Things now look so gloomy in UK electricity supply that New Labour, in its dying months, appears to have rowed back from 12 years of diffidence about nuclear power. In well over 500 pages of National Policy Statements (NPSs), energy secretary Ed Miliband has spent more than 300 trying to streamline the planning of new nuclear reactors – to be built, in innovatory style, on 10 existing sites (1). His stance, however, shows all the usual ifs and buts. And the Tories’ reaction? Pretty much a deafening silence.
In recent years, New Labour has supported nuclear power like a rope supports a hanging man (2). Its priority has not been to build new energy supply in line with new economic growth, but to move people to cut back personal energy use and so engage in what the sinisterly named Behaviours Unit of the Department for Environment, Food and Rural Affairs calls ‘pro-environmental behaviours’ (3). New Labour’s idée fixe is not high energy, but low CO2 emissions. That being its main justification for nuclear power, it’s no surprise that other, reputedly safer paths to low CO2 will beat new reactors back into the ground.
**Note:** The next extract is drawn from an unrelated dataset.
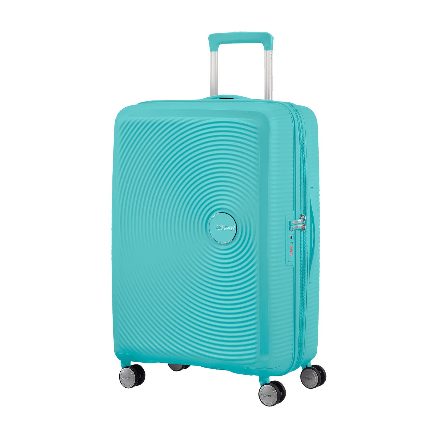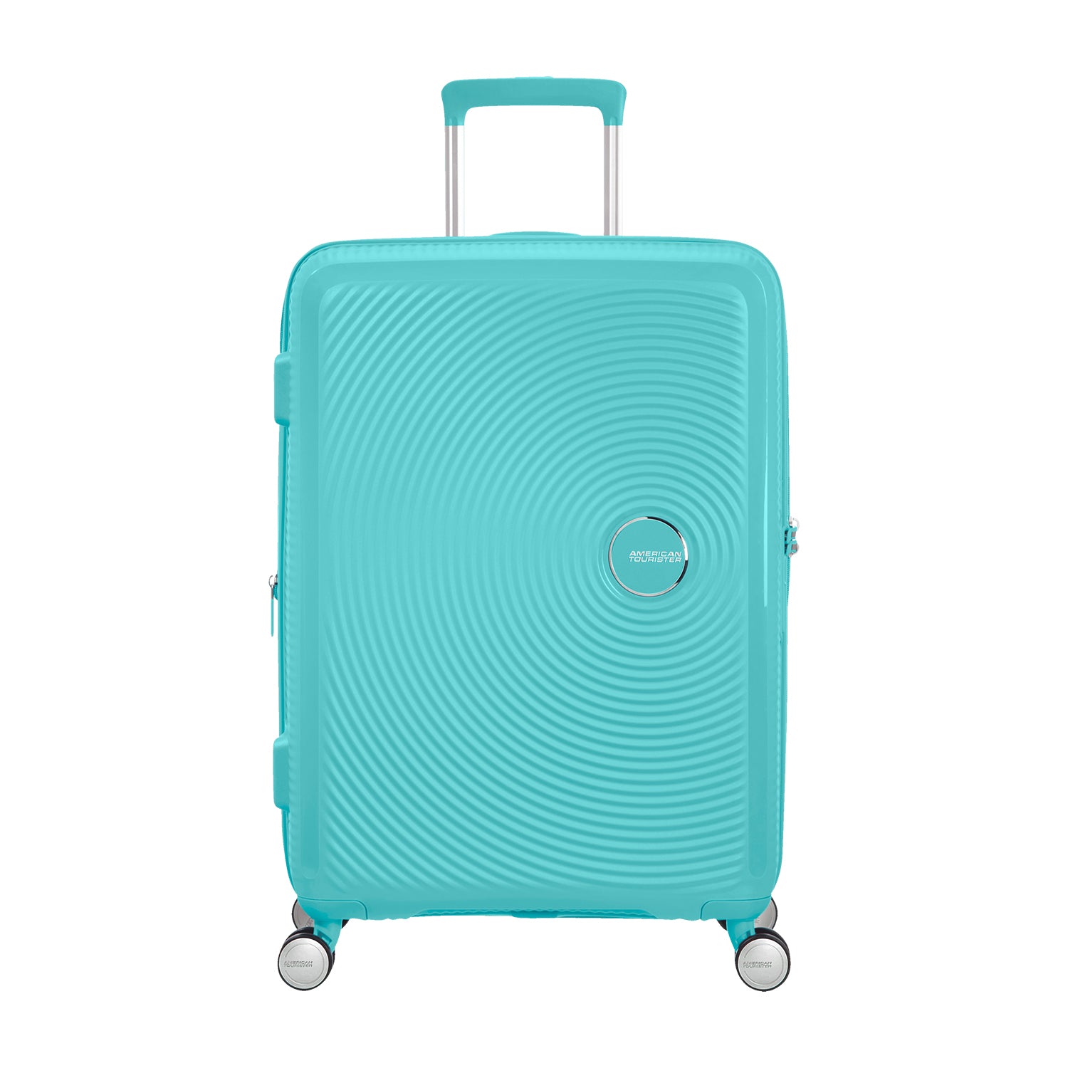 Tyrkysový středně velký kufr s dvojitými kolečky pro snadnou a plynulou jízdu.

In keeping with New Labour’s oh-so-democratic tradition of listening to the masses, Miliband’s NPSs were published as drafts for consultation. But just a few days before, the government-funded Waste and Resources Action Programme (WRAP) gave this game away. Insisting that changes in individual consumption will produce larger cuts in CO2 than cleaning up the UK’s energy supply, WRAP looked forward to you and me ‘avoiding all edible food waste by 2050 (Best Practice)… [or]… fulfilling this intervention 20 years earlier by 2030 (Beyond Best Practice)’ (4). Then, after Miliband published his NPSs, WRAP announced that Britons are guilty of kitchen habits involving food that is ‘cooked, prepared or served too much’, or ‘not used in time’ (5). WRAP also proclaimed that microwaving cold coffee or tea is about five times better for the environment than making a fresh cup – though it added, reassuringly, that this admonition was ‘not about nagging people’ (6).
This is the cost-free, zero-engineering, authoritarian culture behind New Labour’s stated commitment to nuclear: not constructing additional electricity capacity, but dictating how you eat and drink.
We need to remember that, before this week’s apparent conversion to the nuclear cause, the government did not dissent from the Brussels Commission’s laughable goal of making demand for energy in the EU drop by 13 per cent over the period 2007-2020 (7). Indeed as late as the summer, Miliband vaguely averred that ‘by 2050 we may need to produce more electricity than we do today’ (8). Only now has he reluctantly concluded that, ‘having made good progress in building new [energy] infrastructure’ – that is, having completed no major new power stations since 2000 – Labour’s move to a low-carbon economy ‘could also mean that electricity demand increases in the longer term as we use more electricity for transport and domestic use such as heating buildings’ (9).